● **WHAT THE EXERCISE ASKS**
Which lines belong in your copy? Those from the start of the data through the line with "Расчет арматуры в", exactly as written, without any pictures.

(Entries taken from a collection)
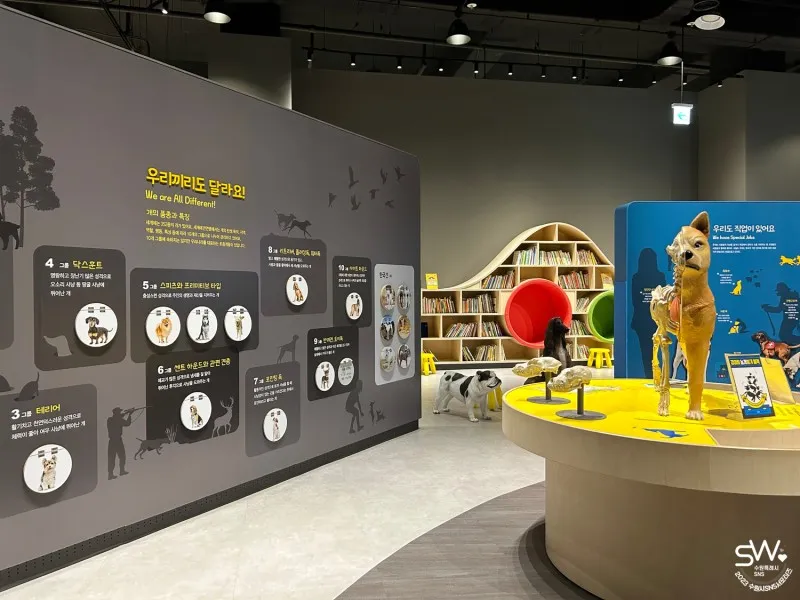 어린이전시실은 영유아부터 저학년에 적합한 체험 위주의 전시인데요, 36개월 미만 영유아를 위한 아기농부관, 미취학 아동을 대상으로 하며 벼농사의 과정을 체험해 보는 1관, 미취학 아동과 저학년을 대상으로 하며 생명 존중과 펫티켓(pet+etiquette)을 배우는 2관으로 구성되어 있습니다.
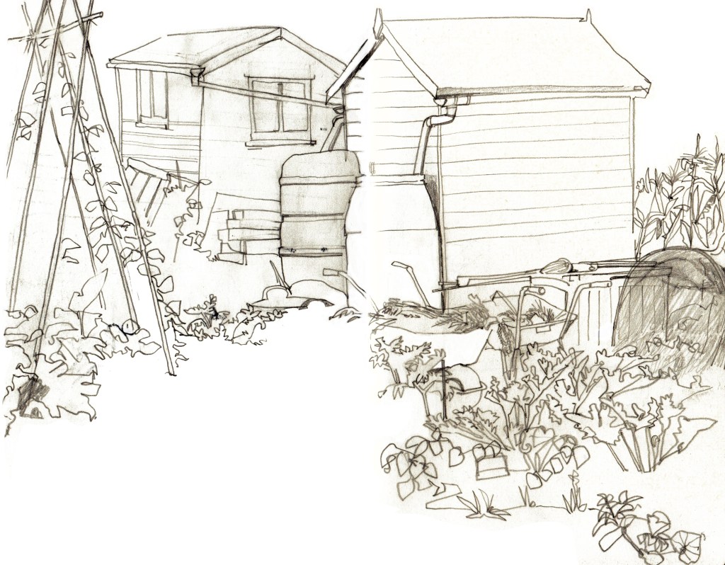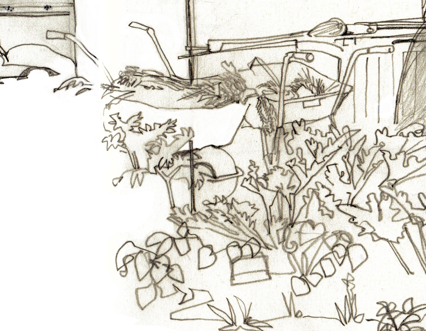 A sketchbook sketch, taken out of the sketchbook. I was struggling with the complexity of the scene but I used a combination of ‘blind’ contour drawing and using a slightly blunter pencil than usual. It seemed to work.
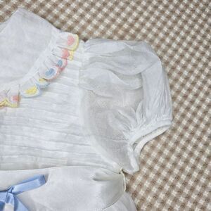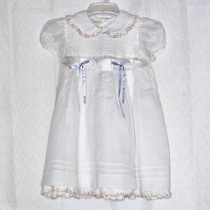 Leonarda Designs White Organza Overlay & Embroidered Cotton Puff Sleeve Dress
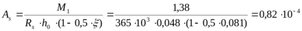 Расчет арматуры в промежуточных пролетах при рабочей высоте сечении плиты h0 = 8 – ∆з.с. – 0,5·d = 6 – 1 – 0,5 · 0,4 = 4,8 см (принят диаметр арматуры 4 мм).
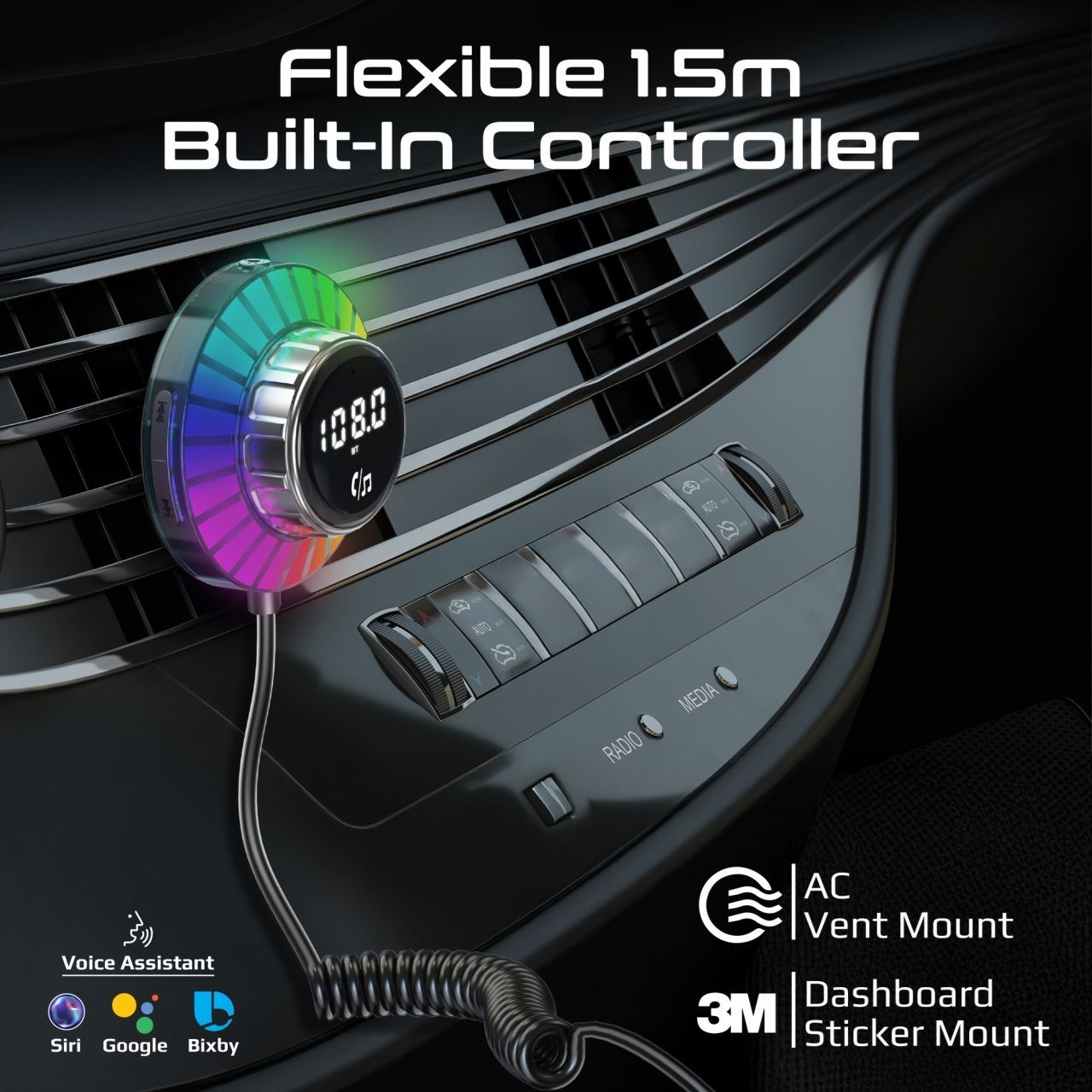 Transform your driving experience with Promate’s SmarTune-EXT, the ultimate car FM transmitter that combines power, style, and convenience. Enjoy seamless music streaming and hands-free calling with Bluetooth V5.3 for stable and reliable connections. The high-powered PD30W USB-C and rapid 18W Quick Charge 3.0 ports keep your devices charged at lightning speed, while the 1.5m built-in controller effortlessly mounts to AC vents or dashboards for total control at your fingertips. Vibrant RGB lights add a dynamic flair to your car interior, while the built-in mic ensures crystal-clear conversations on the go. Designed with a comprehensive multi-protection system, SmarTune-EXT guarantees safe and worry-free use, making every drive smarter, safer, and more exciting.
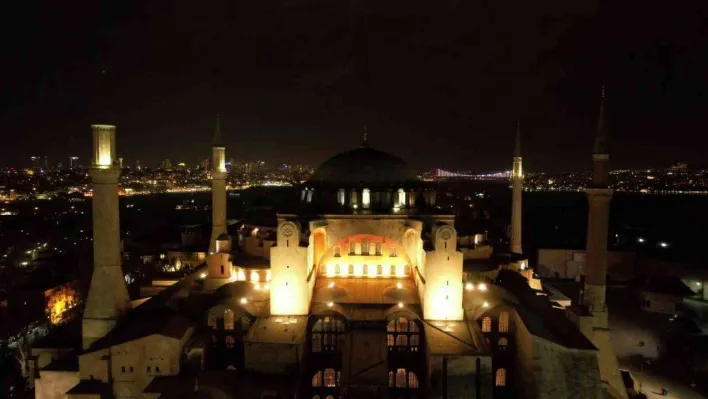 İstanbul'da vatandaşlar, üç ayların başlangıcını müjdeleyen Regaip Kandili nedeniyle Ayasofya Camii'ne akın etti. Ayasofya Camii'nde yaşanan yoğunluk havadan dron ile görüntülendi.
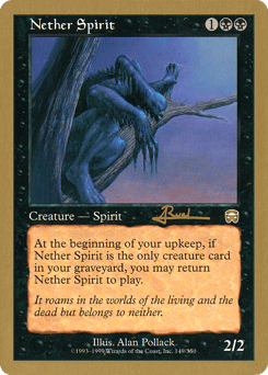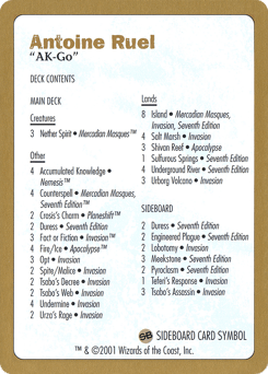 A member of the famous Team Block Ops, Antoine Ruel, a native of Aubervilliers, France, took his blue-black-red control deck to a third-place finish at this year's World Championships. Ruel credits his teammate Laurent Pagorek for the deck that he calls "AK-Go." The deck, which Ruel played to a 5—1 record during the Standard portion of the tournament, relies on card drawing (most notably Accumulated Knowledge, or "AK" for short), countermagic ("Go," for short), red for board control, and Nether Spirits for the win.

● **OUTPUT OF THE EXERCISE**
 어린이전시실은 영유아부터 저학년에 적합한 체험 위주의 전시인데요, 36개월 미만 영유아를 위한 아기농부관, 미취학 아동을 대상으로 하며 벼농사의 과정을 체험해 보는 1관, 미취학 아동과 저학년을 대상으로 하며 생명 존중과 펫티켓(pet+etiquette)을 배우는 2관으로 구성되어 있습니다.
 A sketchbook sketch, taken out of the sketchbook. I was struggling with the complexity of the scene but I used a combination of ‘blind’ contour drawing and using a slightly blunter pencil than usual. It seemed to work.
 Leonarda Designs White Organza Overlay & Embroidered Cotton Puff Sleeve Dress
 Расчет арматуры в промежуточных пролетах при рабочей высоте сечении плиты h0 = 8 – ∆з.с. – 0,5·d = 6 – 1 – 0,5 · 0,4 = 4,8 см (принят диаметр арматуры 4 мм).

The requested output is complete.